Work required :: In the records below, find the line containing "雕花的花板需要进行刮花磨,一般都是用钢做的刮刀,手工一道一道的刮光滑。" and the line containing "2025级本科生辅导员陈桂梅". Give again exactly those lines and every line between them, omitting the pictures.

Material provided ::
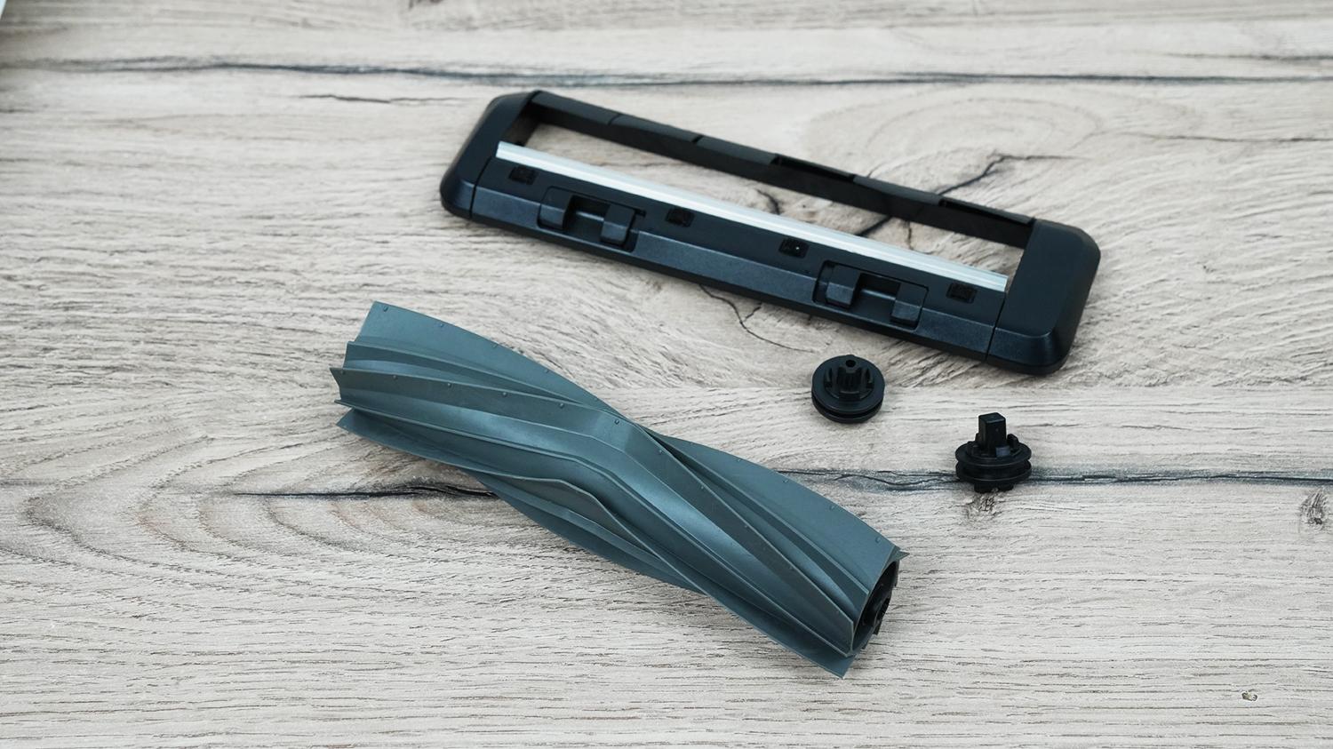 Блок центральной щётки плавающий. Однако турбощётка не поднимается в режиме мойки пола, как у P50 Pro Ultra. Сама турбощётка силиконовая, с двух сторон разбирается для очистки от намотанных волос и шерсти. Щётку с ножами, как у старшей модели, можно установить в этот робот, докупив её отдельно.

--

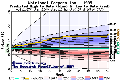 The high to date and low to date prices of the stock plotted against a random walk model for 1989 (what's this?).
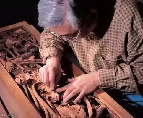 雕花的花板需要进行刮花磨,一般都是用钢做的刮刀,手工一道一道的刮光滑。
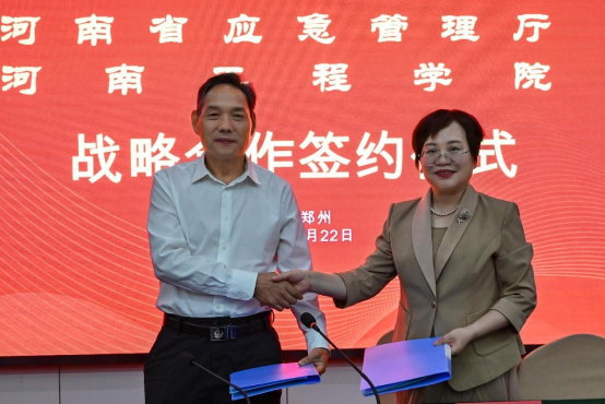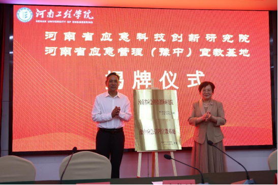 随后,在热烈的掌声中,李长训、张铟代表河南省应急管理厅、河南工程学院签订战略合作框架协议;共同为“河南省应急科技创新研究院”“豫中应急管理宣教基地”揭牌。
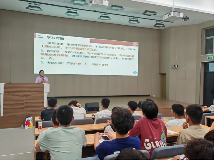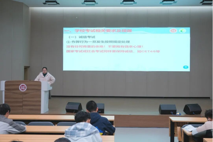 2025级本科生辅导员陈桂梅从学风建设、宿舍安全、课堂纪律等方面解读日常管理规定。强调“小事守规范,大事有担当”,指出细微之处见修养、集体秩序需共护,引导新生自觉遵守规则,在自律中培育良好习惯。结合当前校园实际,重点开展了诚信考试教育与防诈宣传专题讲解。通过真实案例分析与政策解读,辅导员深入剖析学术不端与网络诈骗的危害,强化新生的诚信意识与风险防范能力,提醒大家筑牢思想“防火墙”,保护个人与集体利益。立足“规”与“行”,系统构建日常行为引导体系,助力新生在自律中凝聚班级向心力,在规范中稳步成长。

--

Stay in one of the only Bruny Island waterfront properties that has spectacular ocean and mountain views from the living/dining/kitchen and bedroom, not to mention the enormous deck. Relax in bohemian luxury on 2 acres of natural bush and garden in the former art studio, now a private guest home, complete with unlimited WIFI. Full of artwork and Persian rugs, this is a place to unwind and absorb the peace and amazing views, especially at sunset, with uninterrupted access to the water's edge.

Solution to this exercise ::
 雕花的花板需要进行刮花磨,一般都是用钢做的刮刀,手工一道一道的刮光滑。
 随后,在热烈的掌声中,李长训、张铟代表河南省应急管理厅、河南工程学院签订战略合作框架协议;共同为“河南省应急科技创新研究院”“豫中应急管理宣教基地”揭牌。
 2025级本科生辅导员陈桂梅从学风建设、宿舍安全、课堂纪律等方面解读日常管理规定。强调“小事守规范,大事有担当”,指出细微之处见修养、集体秩序需共护,引导新生自觉遵守规则,在自律中培育良好习惯。结合当前校园实际,重点开展了诚信考试教育与防诈宣传专题讲解。通过真实案例分析与政策解读,辅导员深入剖析学术不端与网络诈骗的危害,强化新生的诚信意识与风险防范能力,提醒大家筑牢思想“防火墙”,保护个人与集体利益。立足“规”与“行”,系统构建日常行为引导体系,助力新生在自律中凝聚班级向心力,在规范中稳步成长。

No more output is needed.